Sul piano del lessico, uno dei tratti più caratterizzanti della prosa rispetto alla poesia è la
massiccia presenza di latinismi, che sottolineano il forte legame con la prosa letteraria
fiorentina contemporanea, formatasi alla scuola dei volgarizzamenti. Sono latinismi che non
hanno riscontro nelle parti liriche: erroneo, inebriato, infallibile, orribile. Il termine ineffabile fa
il proprio ingresso nel volgare grazie alla Vita nova: aggettivo mutuato dal linguaggio mistico-
religioso che viene usato con riferimento del tutto nuovo alla donna (attribuito alla cortesia di
Bea che porge a Dante suo saluto beatificante). Va considerato come latinismo anche il
modulo del superlativo assoluto in –issimo (gentilissima, grandissima). Aumentano, nel
complesso, anche i termini concreti (spesso dettati dall’aggiunta nella prosa di qualche
particolare realistico); si accolgono all’occorrenza anche termini specialistici (farnetico,
farneticare: ambito medico). Tendono invece a ridursi le componenti di ascendenza
galloromanza e lirico-siciliana. Drastica riduzione dei suffissati in –anza: resistono però forme
come baldanza, speranza, usanza. Il sicilianismo disio/disiare cede a desiderio/desiderare.

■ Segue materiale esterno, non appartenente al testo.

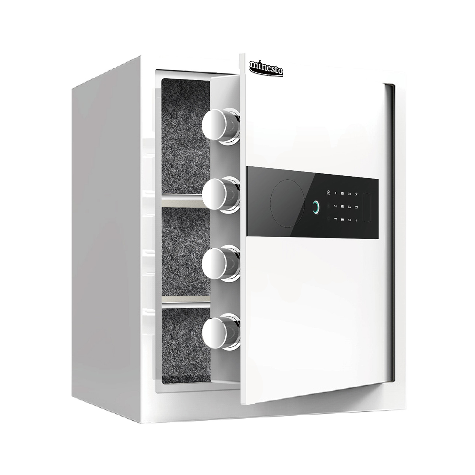 金庫 保管庫 指紋 緊急キー テンキー式 盗難防止 防犯 家庭用 小型 業務用 店舗用 ホテル 旅館 振動警報 壁付け アンカーボルト付き 45cm ホワイト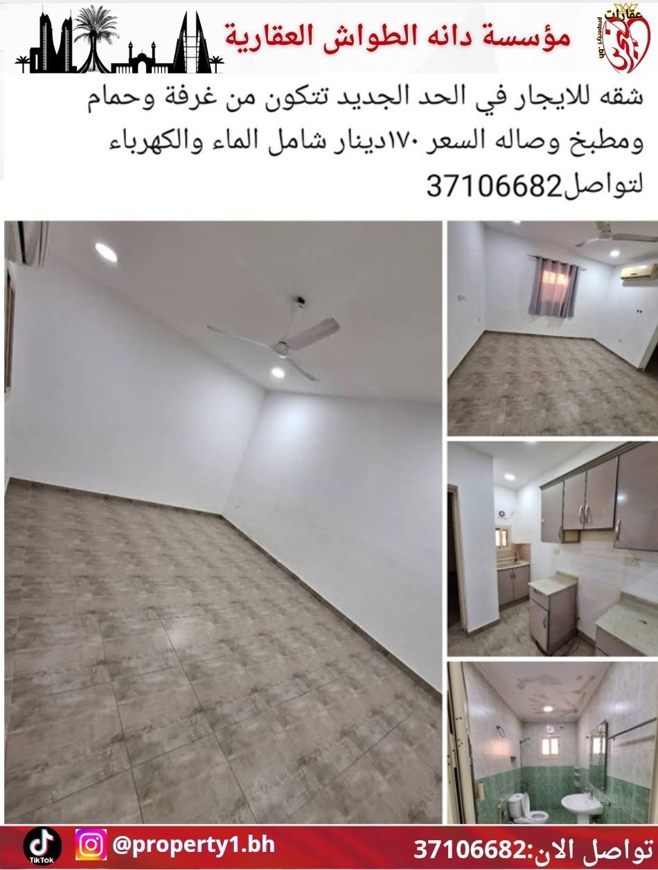 شقة للإيجار في الحد الجديد تتكون من غرفة وحمام ومطبخ وصالة. السعر 170 دينار شامل الماء والكهرباء. للتواصل

Dal punto di vista sintattico, l’opera s’innesta sulla tradizione della prosa narrativa toscana di
cui riprende certi procedimenti espressivi basati sull’analiticità, per blocchi sintattici
coordinati, e linearità. Particolarmente vistosa è la ripetizione di certi tipi sintattici e di certi
elementi lessicali: fra i moduli reggenti più insistiti vediamo mi parea, parve, io dico, vedea,
avvenne. Va ricordato che la tendenza alla ripetizione sul piano sintattico-stilistico ha ben noti
riscontri nella prosa contemporanea a tutti i livelli. Inoltre la ripetizione, specie quella
lessicale, era all’epoca necessitata dall’assenza di un sistema di segni paragrafematici come
quello moderno, funzionale a scandire logicamente il testo (capita anche che la ripetizione
lessicale sia accompagnata dal gioco etimologico). Infine va precisato che i modi ripetitivi, che
sostengono la struttura narrativa della VN e contribuiscono alla coesione del testo, sono
spesso legati alla presenza di modelli evangelici (fra le fonti più scoperte dell’opera): mi parea
(videbatur), io dico (amen dico vobis), avvenne (factum est autem). Anche gli avverbi temporali
(appresso, poi che, poscia che) che spesso aprono i capitoli ricordano gli avvii ricorrenti
soprattutto nel Vangelo di Giovanni; infine la presentazione delle poesie è stata definita una
vera e propria liturgia del testo, dal proponimento al cominciamento. Fra i singoli
procedimenti sintattici che stabiliscono una continuità rispetto alla prosa del ‘200 vanno
segnalate le costruzioni infinitive del tipo “essere me laudatore di me medesimo”; forme di
inversione fra cui quelle del soggetto; concatenazioni di relative; frequenti le strutture
paraipotattiche; e non mancano infine procedimenti di natura ipotattica (in una sintassi
dominata da coordinate lineari e simmetriche) che preannunciano gli sviluppi più complessi e
strutturati del Convivio. Sono molto importanti le consecutive forti, modulo ampiamente
utilizzato dagli stilnovisti e da Dante per esprimere stati di beatitudine o sofferenza che
l’amore provoca nell’animo umano (esemplare il loro susseguirsi nel racconto della prima
apparizione di Bea: es. sì fortemente, si nobili e laudabili).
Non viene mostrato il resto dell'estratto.